Let's look at a real example of sampling and quantization — this also marks the beginning of our entire data processing experiment. This experiment can be carried out directly on a smartphone, showing how sound sampling and quantization are performed on mobile devices.

Before conducting the experiment, you need to prepare a smartphone (either Android or iOS) and set up the basic development environment. If you're not yet familiar with this process, many online resources are available for reference.

The key code for recording audio is shown below. Pay close attention: although we use acoustic signals as an example to demonstrate the process of sampling and quantization, the underlying principles are fundamentally similar to those used in electromagnetic waves and other wireless communication systems.

// Sampling rate: 48 kHz
int SamplingRate = 48000;
// Quantization bit depth: 16-bit
int audioEncoding = AudioFormat.ENCODING_PCM_16BIT;
// Number of channels: stereo (dual channel)
int channelConfiguration = AudioFormat.CHANNEL_IN_STEREO;

// ...other code...

public void StartRecord(String name) {
    // ...
    // File output stream
    OutputStream os = new FileOutputStream(file);
    BufferedOutputStream bos = new BufferedOutputStream(os);
    DataOutputStream dos = new DataOutputStream(bos);

    // Get the minimum buffer size required for AudioRecord under current sampling and channel settings
    bufferSize = AudioRecord.getMinBufferSize(SamplingRate, channelConfiguration, audioEncoding);
    // Create an AudioRecord instance; consider the meaning of each parameter
    AudioRecord audioRecord = new AudioRecord(MediaRecorder.AudioSource.MIC, SamplingRate, channelConfiguration, audioEncoding, bufferSize);

    // Allocate a byte array to hold raw data read from the AudioRecord instance
    byte[] buffer = new byte[bufferSize];
    // Start the recording
    audioRecord.startRecording();

    // Set the recording flag to true
    isRecording = true;
    // Continuously read data from AudioRecord and write it into the output stream as long as isRecording is true
    // When the stop button is pressed, isRecording becomes false and the loop ends
    while (isRecording) {
        int bufferReadResult = audioRecord.read(buffer, 0, bufferSize);
        for (int i = 0; i < bufferReadResult; i++) {
            dos.write(buffer[i]);
        }
    }
    // Stop recording and close the output stream
    audioRecord.stop();
    dos.close();
    // ...
}

The above code represents the following process:

An ADC (Analog-to-Digital Converter) continuously converts analog sound signals into digital form (thus, the sampling and quantization processes are already completed by hardware — we don't need to handle this explicitly in software). The resulting digital signal is stored in a buffer, which we must periodically read from and save into a file in a specific audio format.

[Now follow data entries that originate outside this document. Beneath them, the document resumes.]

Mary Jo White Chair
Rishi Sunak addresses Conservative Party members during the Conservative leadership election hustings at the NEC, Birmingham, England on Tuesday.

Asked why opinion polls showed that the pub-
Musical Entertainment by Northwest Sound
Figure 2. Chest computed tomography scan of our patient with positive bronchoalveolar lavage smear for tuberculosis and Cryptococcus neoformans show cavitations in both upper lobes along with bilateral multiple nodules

This process is analogous to network data handling. In networking, data first passes through a network interface card (NIC), whose key function is converting physical signals into digital data. Recall network programming practices (or imagine how network transmission works on a computer): we similarly need to extract received data from a buffer.

There are different strategies for handling data in such buffers: 1. Polling: repeatedly checking whether new data has arrived in the buffer. 2. Interrupt-driven: generating an interrupt when data arrives, signaling that processing should begin. Both polling and interrupt methods support non-blocking operation, allowing users to proceed without waiting at that point. 3. Blocking mode: the program waits until data is available in the buffer before continuing.

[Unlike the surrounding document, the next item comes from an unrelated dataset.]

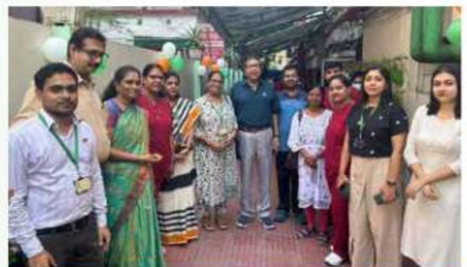
Fortis Hospital & Kidney Institute, Kolkata

Each method has its advantages and trade-offs, and choosing the appropriate one is a common challenge in communication systems and hardware interfacing. Delayed data processing may result in overwritten and lost data — a problem also encountered in network transmission.

Once data is successfully read from the buffer, we obtain sampled and quantized digital data — the only form computers can actually process. Note that the original analog sound cannot be preserved in its pure form.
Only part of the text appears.